Разговор этот не забывался. И уже позднее оного жаловался он своему приятелю — одному из немногих в Академии — Степану Петровичу Крашенинникову:
— Конечно, всякая власть — от бога. Существовать без неё никак нельзя. Но ведь она же не просто так дана нам! Иначе сказать: сие есть необходимое зло, признание которого и падение ей же даёт возможность заниматься настоящим делом...
— А в чём же оно?
— Будто и сам не знаешь... Множество проявлений его суммировать можно кратко — служение Отчизне. Или не во имя этого ты по Камчатке на карачках ползал?
— Ну, ладно, ладно, не гневись попусту-то. Побереги гнев свой для других.
— Что ж, продолжу. Когда сие зло упорядочено и, стало быть, терпимо, с властью мирятся. Когда же оно чрезмерно, когда забывают стоящие над тобой для чего они, в общем-то, назначены и рвут всё токмо под себя — тогда нельзя молчать и бездействовать.
— Да немцы сии все Академию обсели. Как мухи мёд, право слово.
— Не в этом суть. Человека оценивать следует по служению делу его. И Рихман мне дороже любого русака — ленивого да бездельного. Он науке, сей немец, служит, а стало быть — России. А среди русских есть такие, что жизнь свою мыслят — как бы век на печи пролежать да за старину рассуждать!
— Таких во всяком народе хватает.
— А я ничего и не говорю. Вестимо — в любой семье не без урода.
— Вот-вот, Михайло Васильевич, а насчёт дельных немцев я так тебе скажу: их у нас по пальцам пересчитать можно, большая же часть урвать поболее и побыстрее к нам слетелась.
— Это — иное. Таковых трутней гнать поганой метлой, потому — и своих с избытком хватает.
— Ох, с избытком. Один Теплов Григорий Николаевич чего стоит!
— Ну, ты его не трогай. Наш, русский он.
— Смотря что под сим понимать. Русские испокон веку трудниками были — иначе бы не выжить. А он всё норовит палки в колеса вставлять, чтоб его неспособность научная да леность мысли не вопияли. Он у нас политик! Когда тут о деле думать!
— Быть сего не может!
— Может. Ты хоть на каком-никаком, а верху в наших чинах академических, а мне-то снизу лучше видно. Он себя ещё покажет!
И действительно: Теплов со своего назначения в 1746 году, асессором Академической канцелярии вместе с Шумахером, а затем с его зятем и преемником Таубертом немало сделали, дабы «приращения наук в России» было как можно меньше.
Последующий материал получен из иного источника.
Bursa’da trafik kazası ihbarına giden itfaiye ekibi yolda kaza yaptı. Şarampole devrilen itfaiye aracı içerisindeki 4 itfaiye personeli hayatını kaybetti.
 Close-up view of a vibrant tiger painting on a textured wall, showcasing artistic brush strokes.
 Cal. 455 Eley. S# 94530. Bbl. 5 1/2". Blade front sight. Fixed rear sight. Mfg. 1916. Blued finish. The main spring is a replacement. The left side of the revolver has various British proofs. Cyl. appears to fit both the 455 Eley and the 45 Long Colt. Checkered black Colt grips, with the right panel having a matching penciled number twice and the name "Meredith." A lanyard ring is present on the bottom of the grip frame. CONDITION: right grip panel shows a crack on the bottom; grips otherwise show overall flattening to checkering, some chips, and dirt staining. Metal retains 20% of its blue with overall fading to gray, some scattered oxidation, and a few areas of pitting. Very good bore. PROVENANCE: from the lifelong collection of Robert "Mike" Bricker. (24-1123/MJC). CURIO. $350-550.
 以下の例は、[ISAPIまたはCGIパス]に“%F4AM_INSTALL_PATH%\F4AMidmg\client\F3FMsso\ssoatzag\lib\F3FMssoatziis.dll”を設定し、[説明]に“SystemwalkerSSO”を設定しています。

Ломоносов долго не желал смириться с сей мыслью: Теплов, природный русак и бывший наставник Кирилла Разумовского, понемногу становился ключевой фигурой в Академии, от помощи или противодействия которой зависело много. И Теплов оказывал. Противодействие. Противодействие всему: исследованиям в естественных и иных науках, созданию преемственной школы русской науки — гимназии и университету.
Учёный всё же не терял надежду найти общий язык с дельцом — писал письма, вёл разговоры, взывая к тщеславию, чести, долгу. Одно из общений расставило, наконец, все знаки препинания — от запятых и многоточий до восклицательных знаков. Начали вроде бы о нейтральном, понемногу разговор оживлялся — начали вспоминать старину, дела и события минувшие, и тут Ломоносов возьми и спроси:
— Григорий Николаевич, как лицо, вхожее наверх, скажи, а какова участь брауншвейгцев: Ивана — младенца, матери его, отца, сестёр. Неужто и ты не знаешь? Ведь они сразу тогда как в воду канули!
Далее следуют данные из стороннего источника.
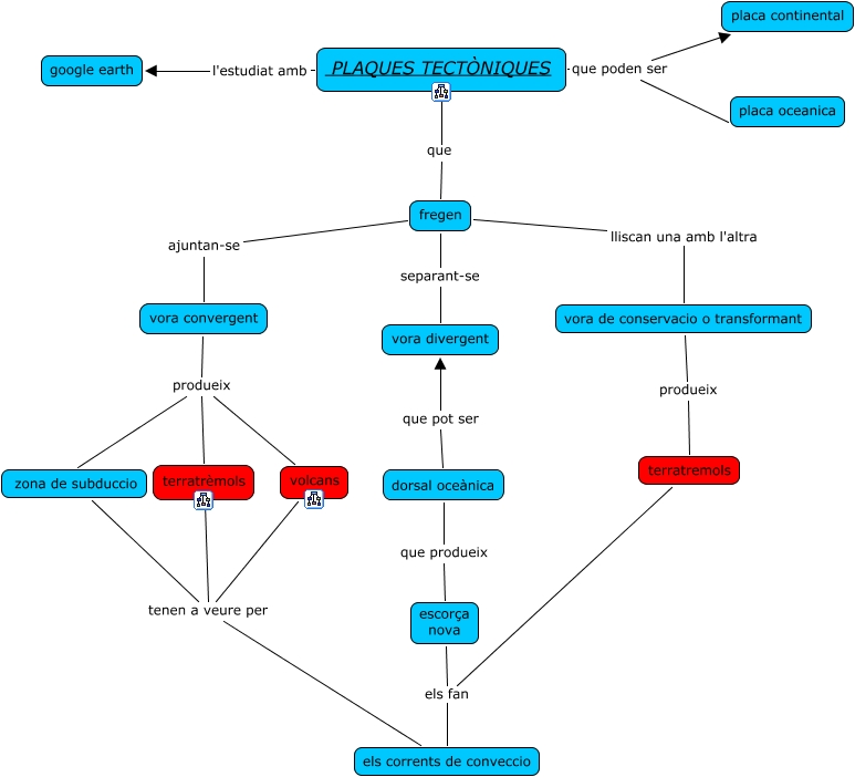 Este Cmap, tiene información relacionada con: Plaques Tectòniques, PLAQUES TECTÒNIQUES que fregen, dorsal oceànica que produeix escorça nova, vora convergent produeix volcans, volcans tenen a veure per els corrents de conveccio, zona de subduccio tenen a veure per els corrents de conveccio, escorça nova els fan els corrents de conveccio, PLAQUES TECTÒNIQUES l'estudiat amb google earth, dorsal oceànica que pot ser vora divergent, vora de conservacio o transformant produeix terratremols, PLAQUES TECTÒNIQUES que poden ser placa continental, terratrèmols tenen a veure per els corrents de conveccio, fregen separant-se vora divergent, vora convergent produeix terratrèmols, terratremols els fan els corrents de conveccio, fregen ajuntan-se vora convergent, vora convergent produeix zona de subduccio, PLAQUES TECTÒNIQUES que poden ser placa oceanica, fregen lliscan una amb l'altra vora de conservacio o transformant
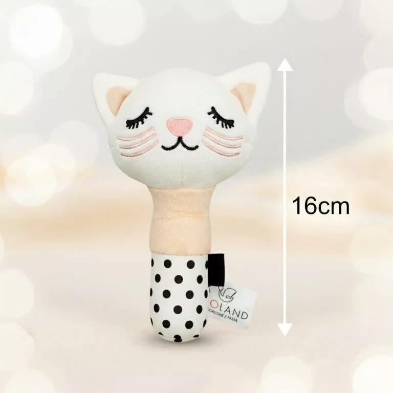 Bocioland sípoló baba játék cica 16 cm puha szenzoros játék sípoló hanggal, amely játékosan fejleszti a baba hallását és mozgását.
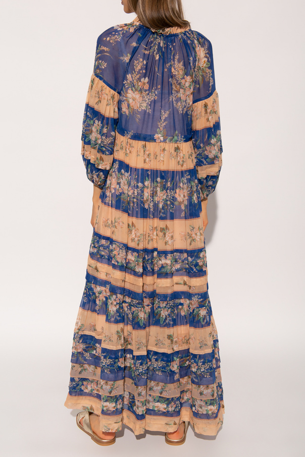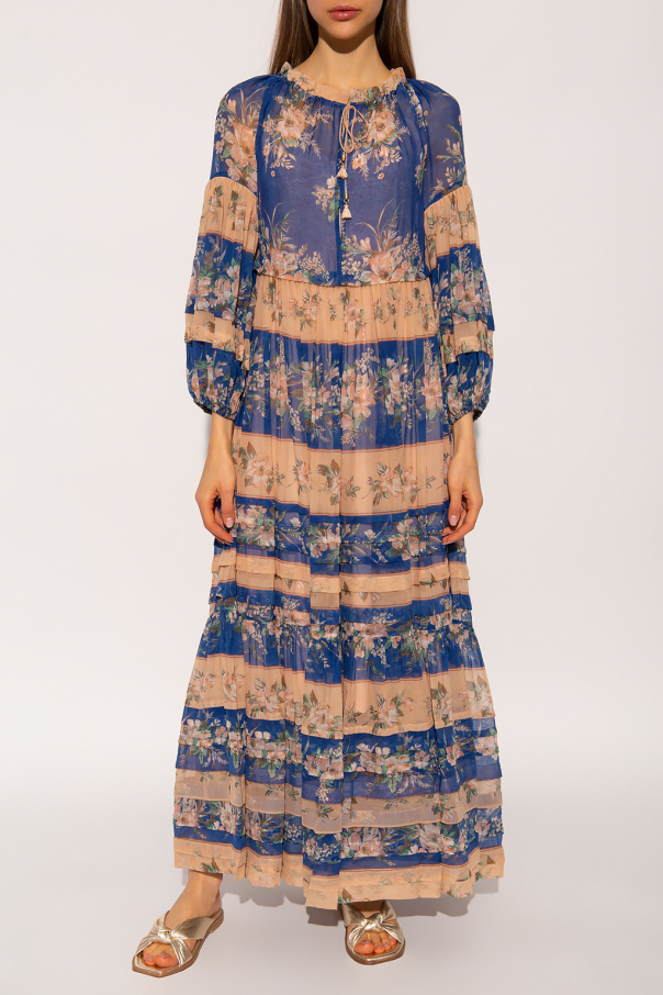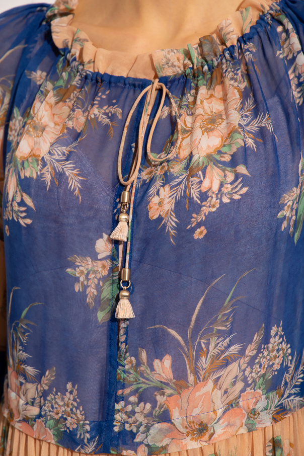 Multicoloured dress from Zimmermann. Crafted from a cotton and silk blend and decorated with a floral pattern, this style features a self tie neckline, a hidden zip closure on the side and blouson sleeves with elasticated cuffs. It comes with a separate cream slip with adjustable shoulder straps.

— Не тем интересуешься и не по чину выспрашиваешь, но отвечу: велика Сибирь!
— Но ведь это жестоко! Ладно регентшу с мужем-сопровителем, но детей-то!
— Жестоко? Тут суть политика, а в ней добро и зло — понятия неприемлемые. Польза и выгода — вот её краеугольные камни: если полезно — значит сие действие суть добро, ежели нет — зло.
— Безнравственно.
— Опять ты заповедь Христову во главу угла тянешь! А разум тебе на что ладен? Тот же учёный! Для тебя же должен быть наиглавнейшим разум! Или ты только в своих учёных бдениях им пользуешься, а в жизни нашей многогрешной предпочитаешь обходиться без вмешательства сей хрупкой субстанции?
— Ирония ваша, господин Теплов, в данном случае неуместна.
Разум без добродетельных чувств слеп, и даже не только слеп, а и — опасен. Только одухотворённый добром, красотой, каждой истины в силах преодолеть он все преграды и открыть человеку то, к чему тот стремится. Ежели же он, разум, будет одинок в этой своей деятельности — то наградой за все его искания будет лишь мертвящая схема достижения шкурного благополучия и догма, призванная и, действительно, могущая объяснить и оправдать что угодно.
— Вы ошибаетесь, господин Ломоносов. В данном случае софистикой и радением догматов занимаетесь вы. Что ж, отбросим единый разум, который — по моему глубокому убеждению — единый руководит нами. Поговорим о столь любезном для вас разуме пополам с добром. Итак, что есть добро?
— Добро всегда едино суть.
— То, что хорошо всем...
— Положим.
— Даже не всем, а многим, так вернее. А разве плохо сейчас народу при матушке нашей императрице? Или вы, требуя словами своими отпустить Ивана Антоновича, хотите новых смут, заговоров, крови и смертей?
— Ну, что ж, мы здесь одни: иначе бы я подумал, что ваша цель — передать меня в руки палачу. Отвечу вам: вы говорите так, как будто народ творец и участник всех этих смут и заговоров. Вы вытаскиваете ваши доводы из замшелой шкатулки предшествующих столетий. Сейчас не времена первых Романовых, не времена Минина и Пожарского. И там, действительно, стоял вопрос о судьбе России — вот откуда смута, вся кровь и все смерти. И тогда, действительно, народ сказал своё слово — ополчение, освобождавшее Москву, было народом. А сейчас... Говорить о всеобщем кровавом поносе для страны лишь потому, что выпустят свергнутого мальчика-императора? Извините, сие смешно. Напрягите столь любезный вам разум: Анну Иоанновну пригласила кучка верховников, Бирона свергало несколько десятков преображенцев-дворян, Миниха просто оттолкнули как лакея. За императрицей Елизаветой опять-таки триста преображенцев... Вы не пробовали купаться в море в сильную волну?
— Нет...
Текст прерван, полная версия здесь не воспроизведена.